Begitupun juga yang aku rasakan. Hanya saja
sedikit berbeda. Aku “terbuang” dari itb. Ya itb. Institute teknologi bandung. Institute
yang menjad rebutan banyak orang. Mungkin hanya calon mahasiswa dengan
intelegensi level utama yang bisa mencicipi indahnya system pendidikan di sana.
Dan aku belum cukup cerdas untuk itu.
Alhasil masuklah aku ke dunia fisika sampai
sekarang. Setidaknya sudah satu tahun bergelut disana. Memang fisika adalah
satu-satunya peljaran yang aku suka. Itu dulu. Mungkin juga sekarang. Aku masih
ingat pas pengumuman snmptn jalur tertulis tahun 2012. Masih melekat dalam
benak. Sedikit kecewa dengan hasil itu. “hana” diterima di uny. Bukan di itb.

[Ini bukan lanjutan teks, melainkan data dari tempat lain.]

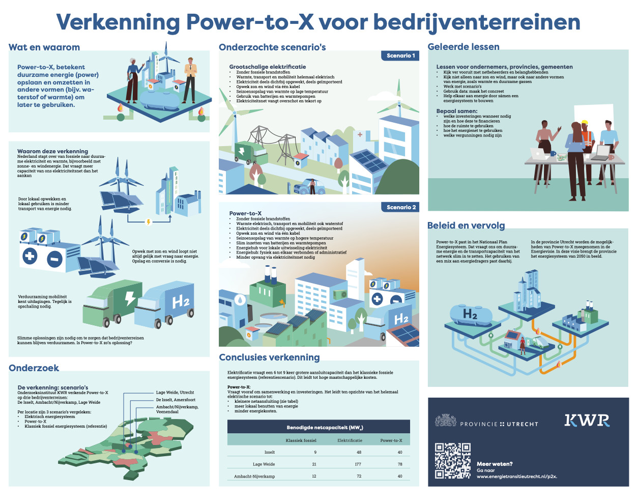 Power-to-X is een slimme oplossing waarbij duurzaam opgewekte elektriciteit wordt omgezet in andere energiedragers, zoals waterstof of warmte. Dit maakt het mogelijk om vraag en aanbod van energie beter op elkaar af te stemmen. Ondernemers op bedrijventerreinen in Nederland kunnen zo efficiënter omgaan met energie en volstaan met een lagere netaansluiting.
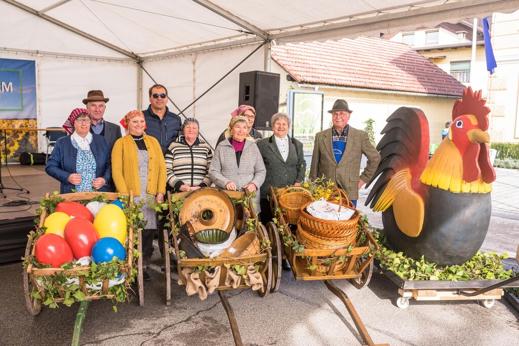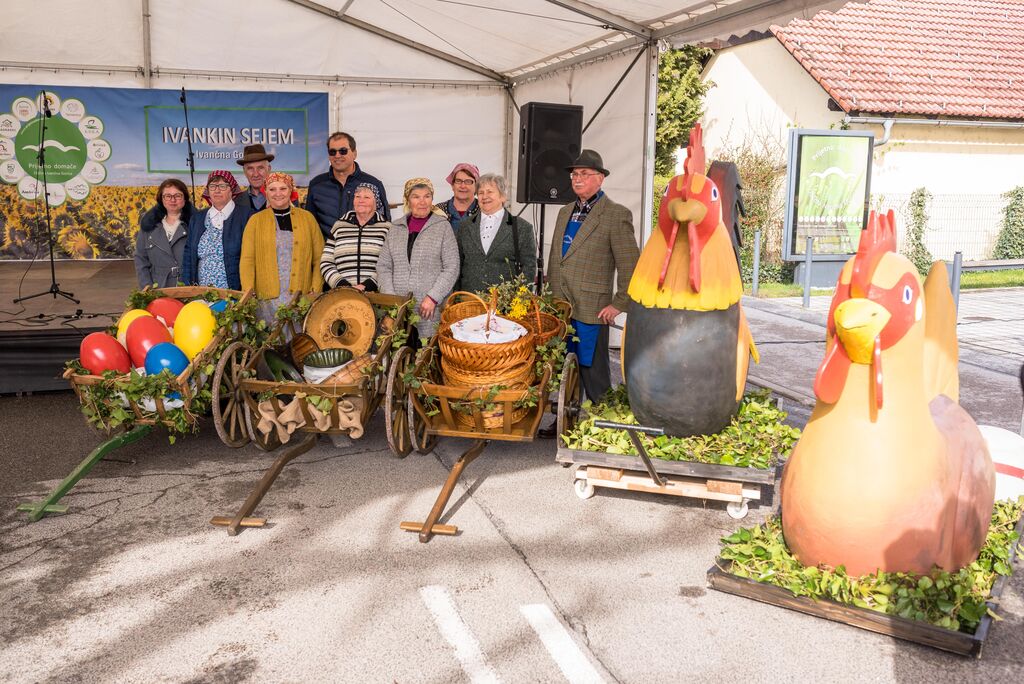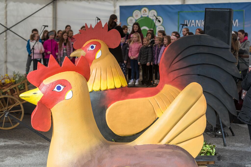 Tudi letošnji Ivankin sejem so s svojim prihodom popestrili člani Turističnega društva Ivančna Gorica, ki so na »kulcah« pripeljali in na ogled postavili veliko maketo t. i. ivanškega petelina, kokoši, piščancev in velikonočne pirhe.

Meski begitu ada hal positif
yang harus dipelajari. Yakni bersedia untuk ikhlas menerima takdir.
Memori saat pertama kali menginjakkan kaki di
uny cukup tersimpan rapi dalam hardisk (otak). Luar biasa kala itu. Setidaknya mainset
ku bahwa universitas ini besar dan megah. Tapi setelah aku menginjakkan kaki di
bumi ugm seolah persepsi itu tertepis. Ada yang lebih megah dari uny. Yaitu ugm.
Titik awal muncunya pundi-pundi kedengkian dengan nasib teman. Cukup.

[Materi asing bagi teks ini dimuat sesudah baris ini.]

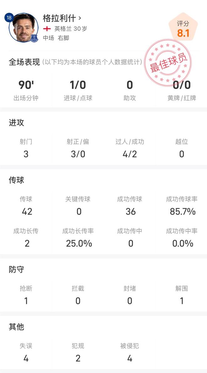 联赛第7轮比赛,凭借着格拉利什第93分钟的绝杀进球,埃弗顿主场2-1逆转水晶宫,送给对手赛季首败。此役,埃弗顿攻击手格拉利什首发并踢满全场,在第93分钟攻入绝杀进球,3次射门全部射正,4次尝试过人两次成功,42次传球,成功率85.7%,防守端贡献1次抢断和1次解围,还有4次被对手侵犯,赛后机器评分8.1分。赛后
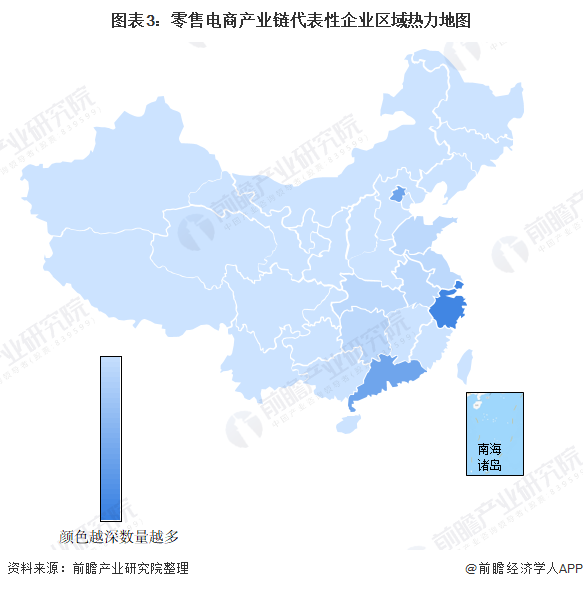 零售电商产业链区域热力图:北京、上海、广州、浙江企业密度最高

Pertama kali masuk kuliah. Cukup menjadi
peristiwa dengan kategori special. Pertama. Tidak tahu ruang kelas. Akirnya tanya
petugas. Masuk ke kelas penuh dengan rasa bangga dan minder. Bangga karena jadi
mahasiswa. Minder karena berada ditengah mahasiswa lainnya. Saat itu belum ada
dosen. Dengan penuh rasa bangga aku maju ke depan kelas, memulai untuk
memperkenalkan diri. Dengan harapan akan jadi ketua kelas saat itu. Salah satu
trik. Obsesi menjadi ketua masih lekat denganku. Ingin meneruskan budaya
menjadi ketua kelas tempo dulu saat masih duduk dibangku sma. Saat itu aku
dipercaya menjadi ketua kelas tiga tahun berturut-turut. Dan aku baru sadar
bahwa belum saatnya aku menjadi ketua kelas di level mahasiswa. Temanku yang
lebih dipercaya untuk jadi ketua kelas di fisika B. Yoradab adalah julukannya.

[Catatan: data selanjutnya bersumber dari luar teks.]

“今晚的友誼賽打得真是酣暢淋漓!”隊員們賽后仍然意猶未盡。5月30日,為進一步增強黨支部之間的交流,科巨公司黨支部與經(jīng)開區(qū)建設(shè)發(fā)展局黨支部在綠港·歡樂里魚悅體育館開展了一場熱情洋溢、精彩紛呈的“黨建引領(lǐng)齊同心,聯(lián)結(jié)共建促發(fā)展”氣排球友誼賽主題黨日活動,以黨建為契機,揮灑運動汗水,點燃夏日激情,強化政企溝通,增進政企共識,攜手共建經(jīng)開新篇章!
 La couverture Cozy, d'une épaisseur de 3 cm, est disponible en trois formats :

Bulan pertama, kedua, ketiga dan keempat tidak
lancar. Semenjak jadi mahasiswa fisika aku tidak pernah belajar sekadar membuka buku pelajaran. Kebiasan buruk itu
merembet kemana-mana. Bulan september tanggal 4 tahun 2013 menjadi titik balik
dalam hidup. Belajar yang dulu dijadikan hal yang fardhu sekarang seolah
menjadi sesuatu yang haram untuk dilakukan. Sejak saat itulah aku lupa dengan
arti dari belajar dan bagaimana cara belajar yang baik. Sampai sekarang.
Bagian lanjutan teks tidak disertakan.